WORK ORDER – Print every record exactly as it appears. Leave the pictures out.

DATA EXCERPTS –

· · · · · · ·

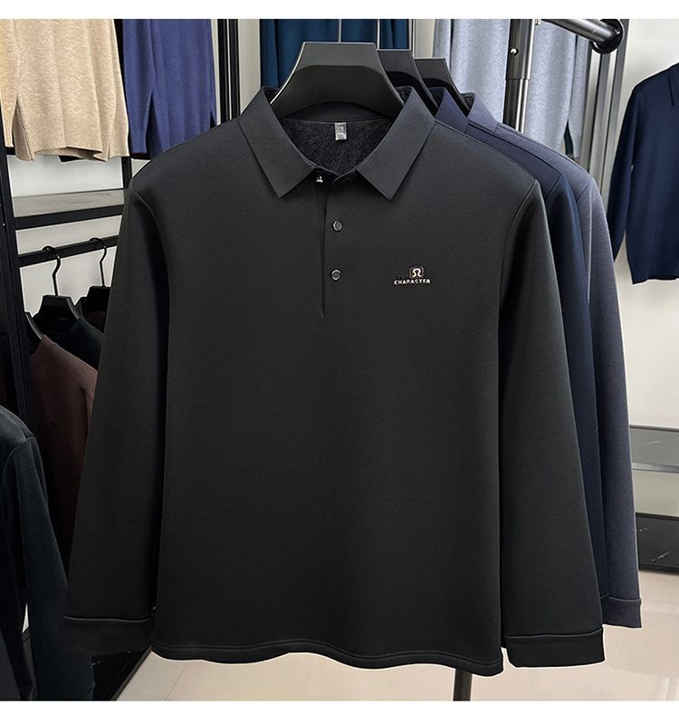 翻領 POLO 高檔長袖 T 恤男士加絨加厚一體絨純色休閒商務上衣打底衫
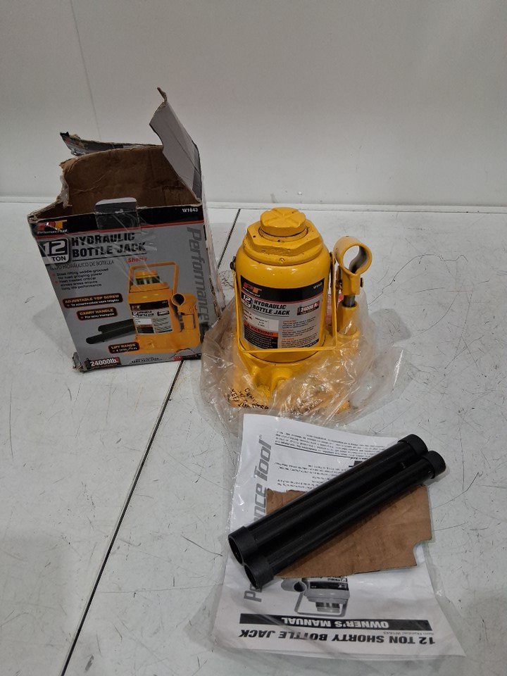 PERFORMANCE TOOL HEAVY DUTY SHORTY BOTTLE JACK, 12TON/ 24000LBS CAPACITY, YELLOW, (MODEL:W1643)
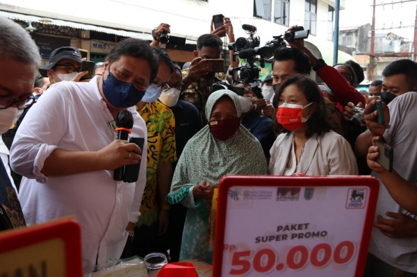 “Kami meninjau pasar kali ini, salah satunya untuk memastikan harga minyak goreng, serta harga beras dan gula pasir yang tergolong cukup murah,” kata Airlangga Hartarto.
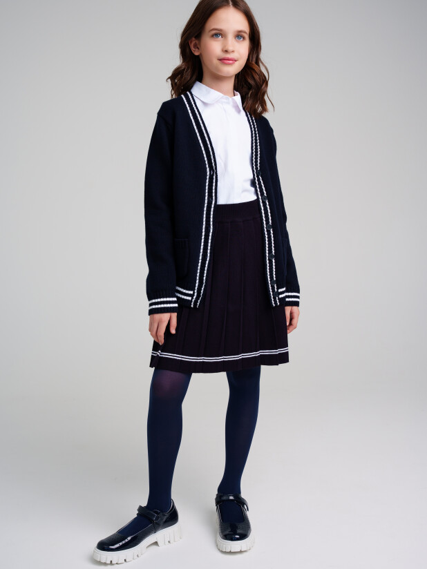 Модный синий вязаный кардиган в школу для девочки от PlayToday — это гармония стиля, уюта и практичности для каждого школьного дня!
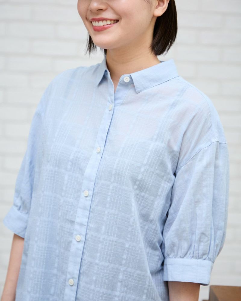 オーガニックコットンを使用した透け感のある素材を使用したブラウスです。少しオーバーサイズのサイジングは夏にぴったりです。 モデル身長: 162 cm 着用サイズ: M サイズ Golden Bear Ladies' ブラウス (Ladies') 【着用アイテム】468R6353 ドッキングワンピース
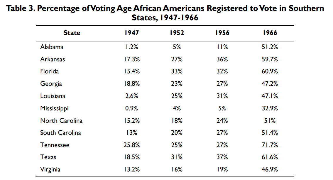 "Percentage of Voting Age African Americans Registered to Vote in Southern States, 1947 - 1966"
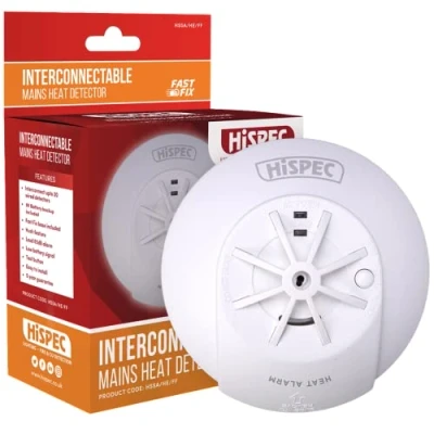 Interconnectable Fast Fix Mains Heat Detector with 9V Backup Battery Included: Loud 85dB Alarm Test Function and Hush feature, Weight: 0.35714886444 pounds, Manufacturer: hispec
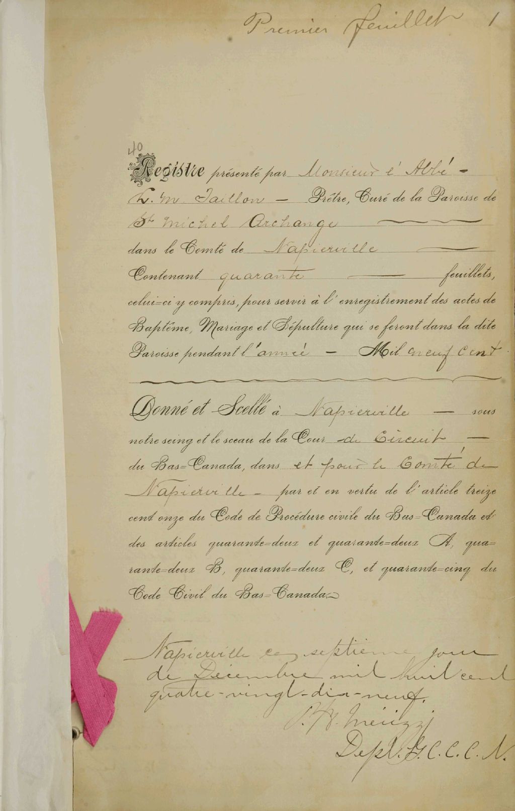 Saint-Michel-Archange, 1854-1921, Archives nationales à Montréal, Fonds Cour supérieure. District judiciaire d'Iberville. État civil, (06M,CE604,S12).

· · · · · · ·

ANSWER BOX –
 翻領 POLO 高檔長袖 T 恤男士加絨加厚一體絨純色休閒商務上衣打底衫
 PERFORMANCE TOOL HEAVY DUTY SHORTY BOTTLE JACK, 12TON/ 24000LBS CAPACITY, YELLOW, (MODEL:W1643)
 “Kami meninjau pasar kali ini, salah satunya untuk memastikan harga minyak goreng, serta harga beras dan gula pasir yang tergolong cukup murah,” kata Airlangga Hartarto.
 Модный синий вязаный кардиган в школу для девочки от PlayToday — это гармония стиля, уюта и практичности для каждого школьного дня!
 オーガニックコットンを使用した透け感のある素材を使用したブラウスです。少しオーバーサイズのサイジングは夏にぴったりです。 モデル身長: 162 cm 着用サイズ: M サイズ Golden Bear Ladies' ブラウス (Ladies') 【着用アイテム】468R6353 ドッキングワンピース
 "Percentage of Voting Age African Americans Registered to Vote in Southern States, 1947 - 1966"
 Interconnectable Fast Fix Mains Heat Detector with 9V Backup Battery Included: Loud 85dB Alarm Test Function and Hush feature, Weight: 0.35714886444 pounds, Manufacturer: hispec
 Saint-Michel-Archange, 1854-1921, Archives nationales à Montréal, Fonds Cour supérieure. District judiciaire d'Iberville. État civil, (06M,CE604,S12).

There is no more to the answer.